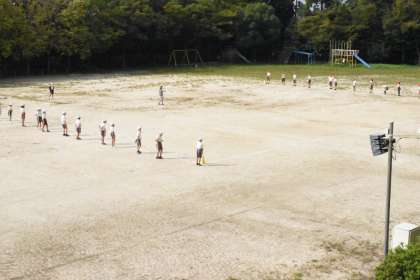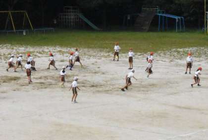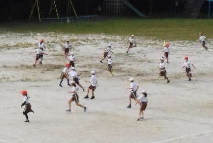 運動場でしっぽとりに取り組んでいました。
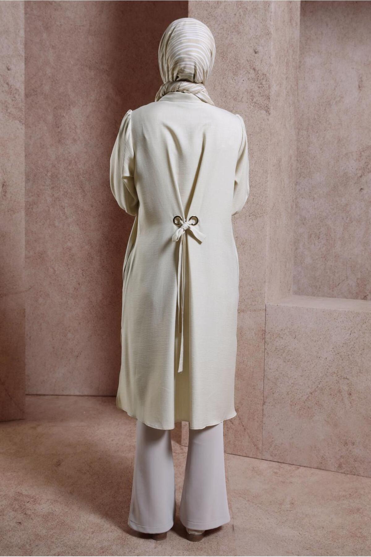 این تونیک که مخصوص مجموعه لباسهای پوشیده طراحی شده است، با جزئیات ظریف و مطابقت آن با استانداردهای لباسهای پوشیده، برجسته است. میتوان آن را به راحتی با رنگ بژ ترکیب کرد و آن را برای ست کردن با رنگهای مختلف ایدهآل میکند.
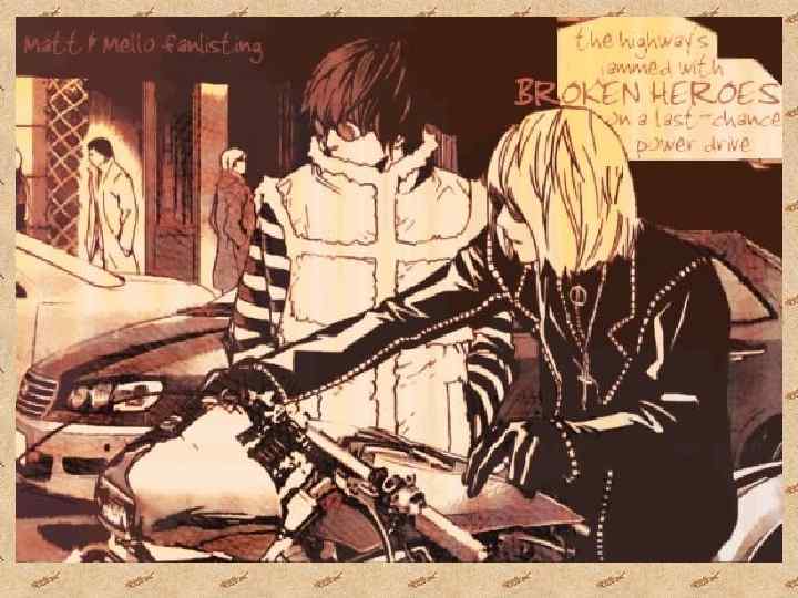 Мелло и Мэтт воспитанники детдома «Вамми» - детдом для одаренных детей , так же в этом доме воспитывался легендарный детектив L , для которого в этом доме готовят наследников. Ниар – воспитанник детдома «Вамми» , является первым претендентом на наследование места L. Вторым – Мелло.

************

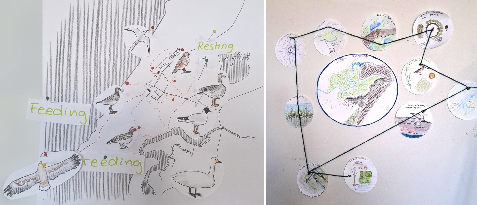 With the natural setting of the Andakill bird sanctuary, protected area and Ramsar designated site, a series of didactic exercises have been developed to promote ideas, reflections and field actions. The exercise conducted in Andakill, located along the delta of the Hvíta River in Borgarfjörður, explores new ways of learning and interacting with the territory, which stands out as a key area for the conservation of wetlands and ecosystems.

************

→ WHAT THIS TASK INVOLVES
Look above for the line holding "این تونیک که" and output everything from it down to the line holding "Мелло и Мэтт", both ends included, exactly and without images.

→ COMPLETED EXERCISE
 این تونیک که مخصوص مجموعه لباسهای پوشیده طراحی شده است، با جزئیات ظریف و مطابقت آن با استانداردهای لباسهای پوشیده، برجسته است. میتوان آن را به راحتی با رنگ بژ ترکیب کرد و آن را برای ست کردن با رنگهای مختلف ایدهآل میکند.
 Мелло и Мэтт воспитанники детдома «Вамми» - детдом для одаренных детей , так же в этом доме воспитывался легендарный детектив L , для которого в этом доме готовят наследников. Ниар – воспитанник детдома «Вамми» , является первым претендентом на наследование места L. Вторым – Мелло.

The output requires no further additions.